There were four of us in the tiny exam room - genetic counselor, doctor, and my girls - and the dr did the physical exam there *while* the genetic counselor took their histories from me. So...the dr wasn't even listening to the histories...and my kids and I (even on my Adderall!) were horribly distracted (and stressed over the whole issue anyway). Apparently Lu's lack of "appropriate eye contact" (Can you say distracted? (We've regularly discussed her attention issues and how we agreed to proceed with our ped's and it must be in her records!)...and she's a stressed-out, awkward, middle school kid, to boot) and "flat voice" (um...she's always had a nasal voice and was more congested because of allergies being back in Virginia and always sounds like that when her allergies are flaring, especially when she's tired) led the dr to believe she has Aspergers.

Apparently, Aspergers would explain Lulu's clumsiness...


REALLY?!?!

Gee...that seems like more than a stretch to me - more like a leap!...to say it was undiagnosed Aspergers at 13 (with *nothing* in her medical records to indicate such) instead of say, maybe?, a too mild to diagnose yet connective tissue disorder that both her mom and sister have! 

The real kicker there is, of course, that Mark's worked in the mental health field for nearly 2 decades now and been a licensed mental health professional for nearly 1 decade.
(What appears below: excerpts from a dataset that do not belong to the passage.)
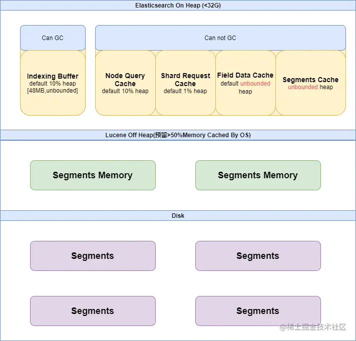 Elasticsearch内存分为on heap以及off heap两部分。Elasticsearch能控制的是On Heap内存部分,这部分由JVM管理;Off Heap由Lucene管理,负责缓存倒排索引数据空间(Segment Memory)。
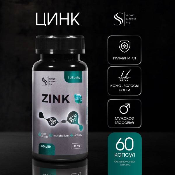 Description: Secret Success Line Zinc (60 capsules) provides essential zinc citrate (without titanium dioxide) for men and women. Zinc is a vital micronutrient playing a crucial role in numerous bodily functions, including immune system support, hormone production, and energy generation. It's essential for healthy skin, hair, and nails, contributing to collagen production and cell regeneration. A zinc deficiency can lead to dry skin, brittle hair and nails, and a weakened immune system. Supplementing with zinc supports overall health, vitality, and helps maintain strong defenses against infections. Choose Secret Success Line Zinc for comprehensive wellness.
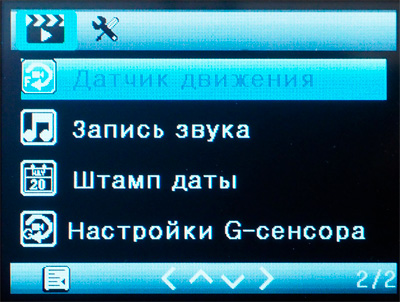 Датчик движения можно использовать на парковке, если видеорегистратор стационарно подключить к аккумулятору. Настройки G-сенсора пригодятся, в случае если видеорегистратор при записи будет реагировать на небольшие ухабы - тогда следует уменьшить чувствительность сенсора.
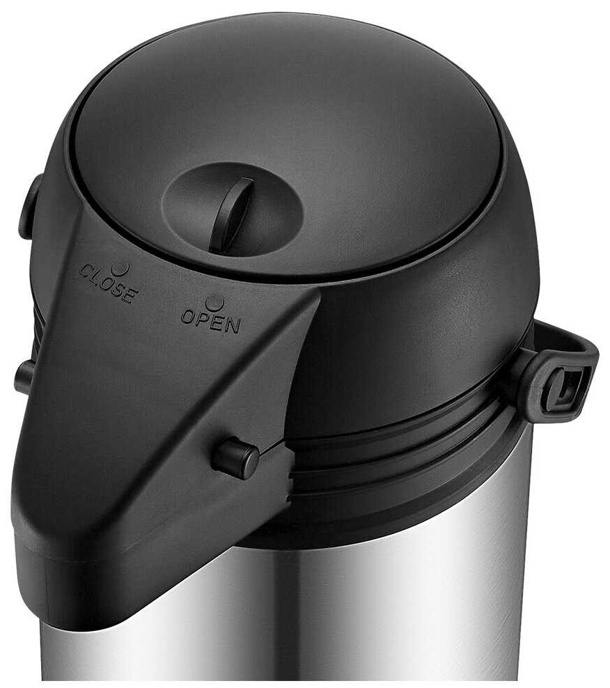 - Помпа снимает необходимость открывать термос: нажатие одной рукой позволяет наливать кипяток в чашку без контакта с паром.
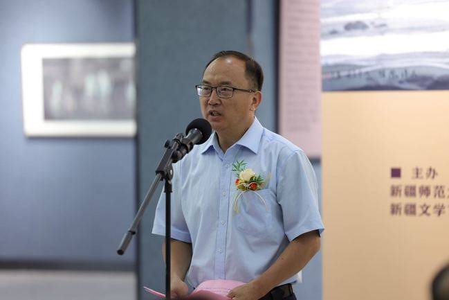 开幕式上,刘俊代表学校党委致辞,他表示舒春光先生的作品继承了中国传统绘画“壮美”意境的表现,既强调了中国画的民族特征,又有形式感和笔墨风格上的新创造,反映了大美新疆、大漠风情与民族团结。此次艺术展览的作品思想立意之深、造型刻画之美、形式语言之新,也彰显出舒春光先生爱国精神的大爱追求,为新时代中国美术事业的发展和新疆的美术事业做出了重要贡献。新疆美协副主席褚晓莉代表新疆国画家群体,对舒春光先生的作品进行了深度解析,并号召新疆国画青年人才要围绕大美边疆,讲好新疆故事为主题,创作出新时代本土的精品力作。
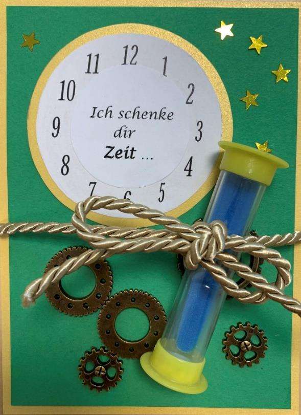 Die mitgelieferte Sanduhr möchte Sie dabei unterstützen, sich ganz bewusst am Tag mindestens fünf Minuten Zeit für sich und Ihre Liebsten zu nehmen. Zeit, um die Karte zu betrachten, nachzudenken, durchzuatmen.
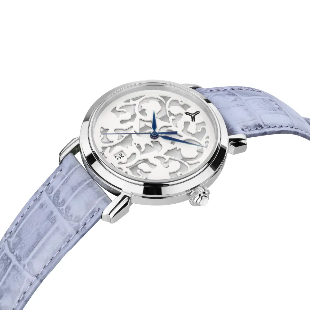 Feine Genfer Streifen auf dem Ziffernblatt unterstreichen die hochwertige Verarbeitung und verleihen der Uhr einen Hauch klassischer Uhrmacherkunst – stilvoll, klar und zeitlos feminin.

His entire career is devoted to working with people who, among other issues, have diagnoses with disorders like Aspergers. While we could possibly be in denial about a diagnosis like that for a little while...certainly not for 13 years! Especially not surrounded by other people in the mental health field all those years!!!

And the last straw...

Finally when, at the end of the appointment, I again expressed concern that all of the bases hadn't been covered because the geneticist had not excluded other connective tissue disorders that might be lurking on my husband's side of the family, her reaction was utterly. ridiculous. She stated something to the extent of (gosh I wish I could remember the exact words!):
...There are 20 some such conditions and she couldn't rule all of them out or look into all of them. 
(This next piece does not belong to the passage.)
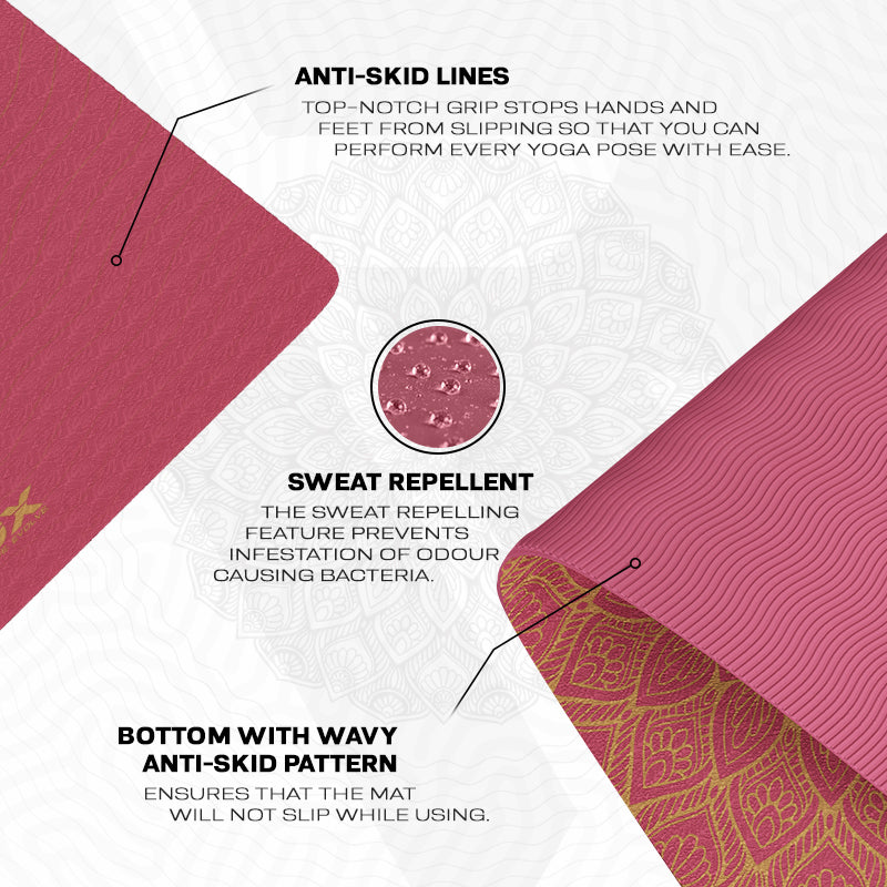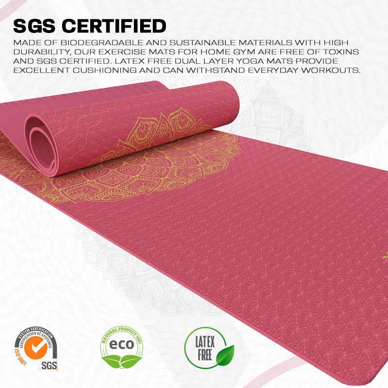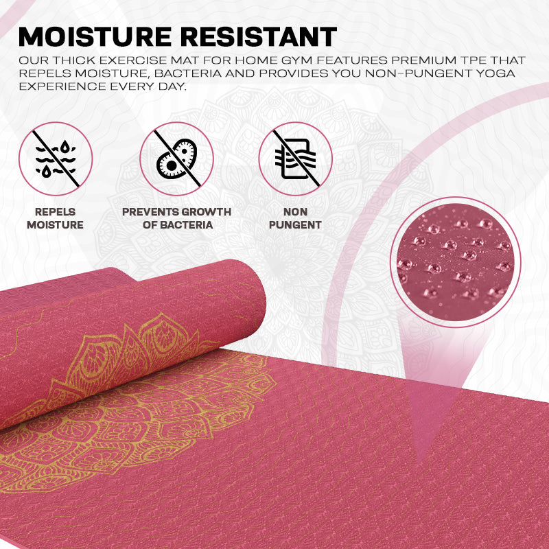 Our workout mats are made of premium TPE that is non-absorbent, water-resistant, and non-pungent and accumulation of dust and sweat. Exercise mats for home gym features double-layered, tear-proof construction in 183x61x0.6cm dimensions ensure the exercise mat is durable and built to accommodate users of all sizes. The anti-skid/anti-slip surface of dual-layer gym mat prevents slippage and offers a firmer grip during intense poses ensuring fluid movement.
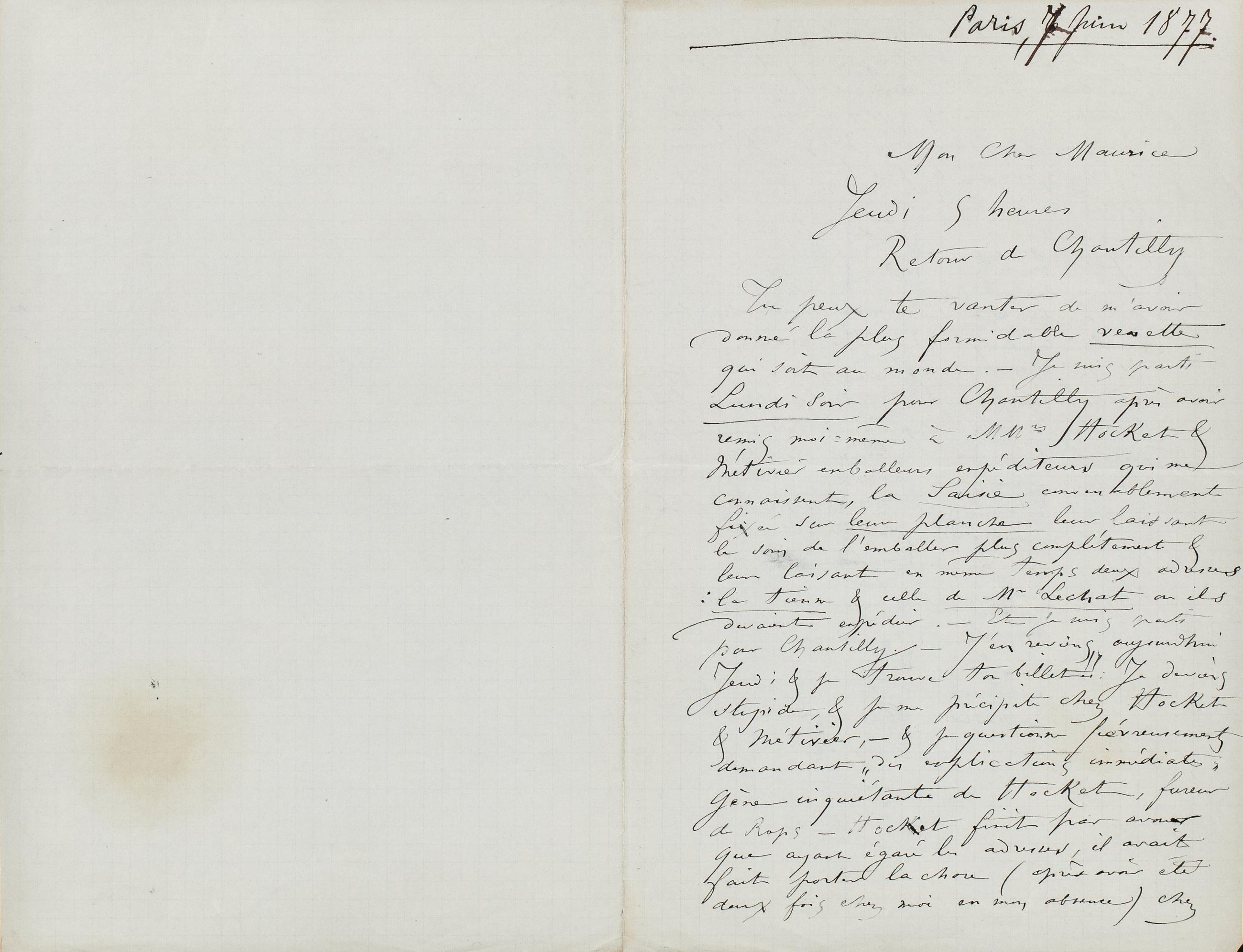 Tu peux te vanter de m’avoir donné la plus formidable venette qui soit au monde. – Je suis parti Lundi soir pour Chantilly après avoir remis moi-même à MMr Hocket & Métivier emballeurs expéditeurs qui me connaissent, la Saisie convenablement fixée sur leur planche leur laissant le soin de l’emballer plus complétement & leur laissant en même temps deux adresses : la tienne & celle de MrLechat où ils devaient expédier. – Et je suis parti pour Chantilly. – J’en reviens aujourdhui Jeudi & je trouve ton billet !! : Je deviens stupide, & je me précipite chez Hocket & Métivier, – & je questionne fiévreusement demandant « des explications immédiates » Gène inquiétante de Hocket, fureur de Rops – Hocket finit par avouer que ayant égaré les adresses, il avait fait porter la chose (après avoir été deux fois chez moi en mon absence) chez

As our pediatrician last night said:
"Why not?! That's why we sent you there!" 
Yeah...

We'll be seeing someone else for second opinions.
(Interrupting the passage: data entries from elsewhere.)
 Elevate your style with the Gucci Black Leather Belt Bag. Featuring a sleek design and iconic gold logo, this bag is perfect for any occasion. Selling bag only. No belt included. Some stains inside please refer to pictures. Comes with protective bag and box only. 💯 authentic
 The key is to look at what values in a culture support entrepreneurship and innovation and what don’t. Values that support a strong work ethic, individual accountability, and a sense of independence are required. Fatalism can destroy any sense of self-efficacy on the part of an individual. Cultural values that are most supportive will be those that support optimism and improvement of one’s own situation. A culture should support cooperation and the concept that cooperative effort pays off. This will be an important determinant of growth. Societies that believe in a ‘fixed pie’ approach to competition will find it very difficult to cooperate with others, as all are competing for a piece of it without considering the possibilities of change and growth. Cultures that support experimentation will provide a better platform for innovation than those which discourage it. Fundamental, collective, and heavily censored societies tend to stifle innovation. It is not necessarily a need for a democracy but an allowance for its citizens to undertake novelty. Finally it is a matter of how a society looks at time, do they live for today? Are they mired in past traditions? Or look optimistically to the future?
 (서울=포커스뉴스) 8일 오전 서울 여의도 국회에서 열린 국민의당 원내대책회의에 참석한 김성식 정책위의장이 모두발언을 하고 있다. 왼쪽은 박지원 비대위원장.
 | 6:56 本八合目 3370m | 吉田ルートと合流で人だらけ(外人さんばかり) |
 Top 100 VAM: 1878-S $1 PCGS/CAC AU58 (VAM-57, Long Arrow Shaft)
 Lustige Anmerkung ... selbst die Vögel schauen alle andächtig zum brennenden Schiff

And my pediatrician will be complaining to the Powers-That-Be once she has the geneticist's report in hand.

And I am seriously considering a complaint to the Board of Medicine, too.

Monday, April 16, 2012

There's A Light At The End Of This Tunnel

Well, I've just been a bit self-absorbed, haven't I?!

To an extent a lot of what I've been going through in my heart and head have been natural and even necessary.  There's been grieving with this Move That Still Hasn't Quite Happened.  Then there's been the whole process of grieving with the diagnosis of a genetic connective tissue disorder plus the realization both of my daughters almost surely have it, not to mention at the very least my mom - but probably quite a few extended family members as well.  And then there was the diagnosis of a dysfunctional autonomic nervous system, and the realization these issues will probably be with me (and my daughters) to some extent for the rest of our lives.

Grief is a roller coaster.  A process.  Definitely not linear.  Often messy.  And, since we still haven't actually moved anywhere and have learned we won't be moving permanently to Maryland...and since the nature of a chronic medical condition is chronic...I'm sure the ride's not completely over, either.

But we're definitely reaching a different place mentally and emotionally.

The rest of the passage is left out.